Only the pictures are dropped. Restate each line below word for word.

- _Supplied information_:
━━━
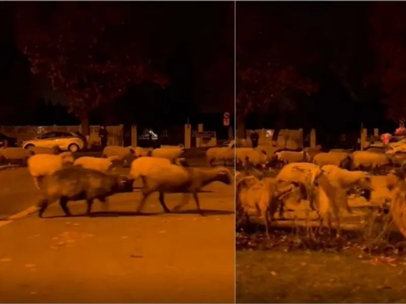 Desfăşurare uriaşă de forţe pentru a mâna zeci de oi rătăcite pe străzile din Bucureşti. Mai multe echipaje de poliţie au intervenit ca să adune animalele care au ajuns, culmea, tocmai în faţa Academiei de Poliţie.
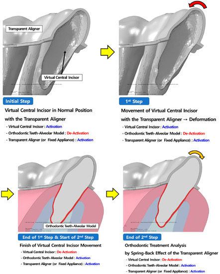 The second stage was then analysed. The spring-back property of the arch-wire of the transparent aligners and the fixed appliance, which allows it to return to its original shape, is used to perform orthodontic treatment without additional loading conditions. The second stage was analysed once the orthodontic appliance was fixed, and the analysis was completed when the orthodontic appliance could not return to its original shape and orthodontic treatment ended (Figure 9) [20]. These Model Activation/De-Activation loading conditions were also applied to the orthodontic treatment analysis.
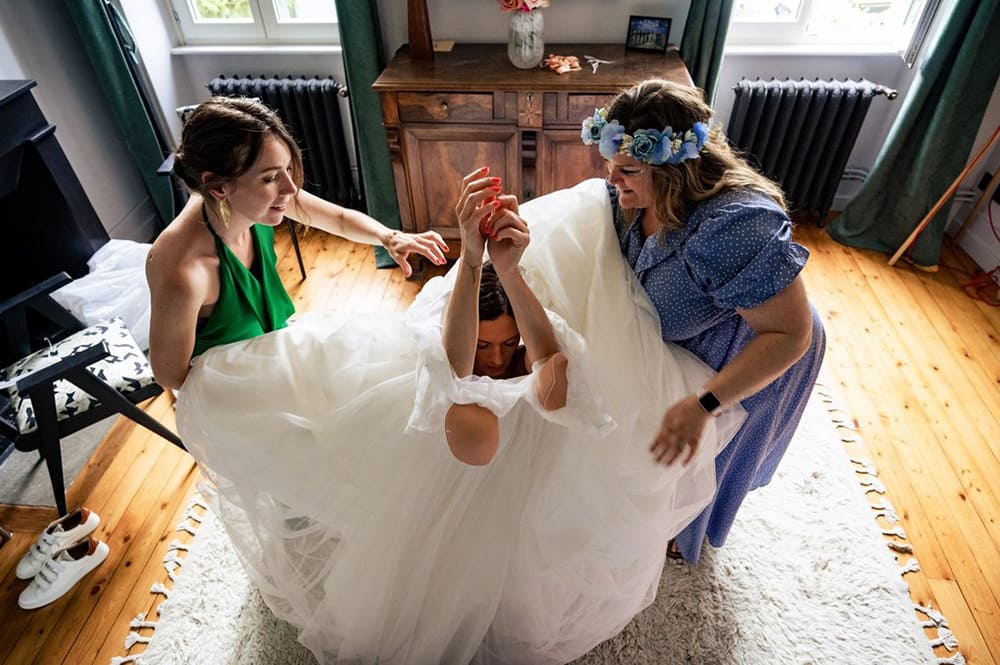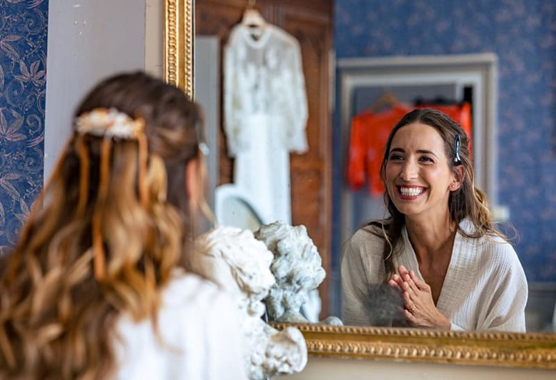 Ce que mes couples retiennent en premier, c’est le fait de m’avoir sentie présente, à leurs côtés, comme une amie qu’on n’a pas besoin de briefer. Celle qui voit les signes de stress avant même qu’ils se disent, celle qui glisse un mot à la maman, ou un regard complice à la témoin. Je suis là pour ça. Et l’appareil photo vient avec.
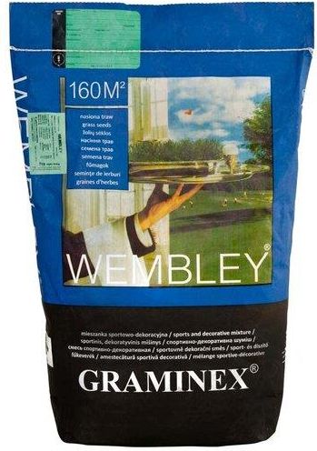 Mieszanka traw Wembley, 4 kg, marki Graminex.Mieszanka traw do intensywnego użytkowania.Polecana na boiska sportowe, tereny rekreacyjne, place zabaw itp. Szczególnie odporna na deptanie.Tworzy wytrzymały, gęsty trawnik.Opakowanie wystarcza na 160 m2.CechyGatunek: trawniki sportoweObszar zagospodarowania: założenie nowego trawnika Zawartość wystarczy na: 160m2
━━━
- _Written answer_:
 Desfăşurare uriaşă de forţe pentru a mâna zeci de oi rătăcite pe străzile din Bucureşti. Mai multe echipaje de poliţie au intervenit ca să adune animalele care au ajuns, culmea, tocmai în faţa Academiei de Poliţie.
 The second stage was then analysed. The spring-back property of the arch-wire of the transparent aligners and the fixed appliance, which allows it to return to its original shape, is used to perform orthodontic treatment without additional loading conditions. The second stage was analysed once the orthodontic appliance was fixed, and the analysis was completed when the orthodontic appliance could not return to its original shape and orthodontic treatment ended (Figure 9) [20]. These Model Activation/De-Activation loading conditions were also applied to the orthodontic treatment analysis.
 Ce que mes couples retiennent en premier, c’est le fait de m’avoir sentie présente, à leurs côtés, comme une amie qu’on n’a pas besoin de briefer. Celle qui voit les signes de stress avant même qu’ils se disent, celle qui glisse un mot à la maman, ou un regard complice à la témoin. Je suis là pour ça. Et l’appareil photo vient avec.
 Mieszanka traw Wembley, 4 kg, marki Graminex.Mieszanka traw do intensywnego użytkowania.Polecana na boiska sportowe, tereny rekreacyjne, place zabaw itp. Szczególnie odporna na deptanie.Tworzy wytrzymały, gęsty trawnik.Opakowanie wystarcza na 160 m2.CechyGatunek: trawniki sportoweObszar zagospodarowania: założenie nowego trawnika Zawartość wystarczy na: 160m2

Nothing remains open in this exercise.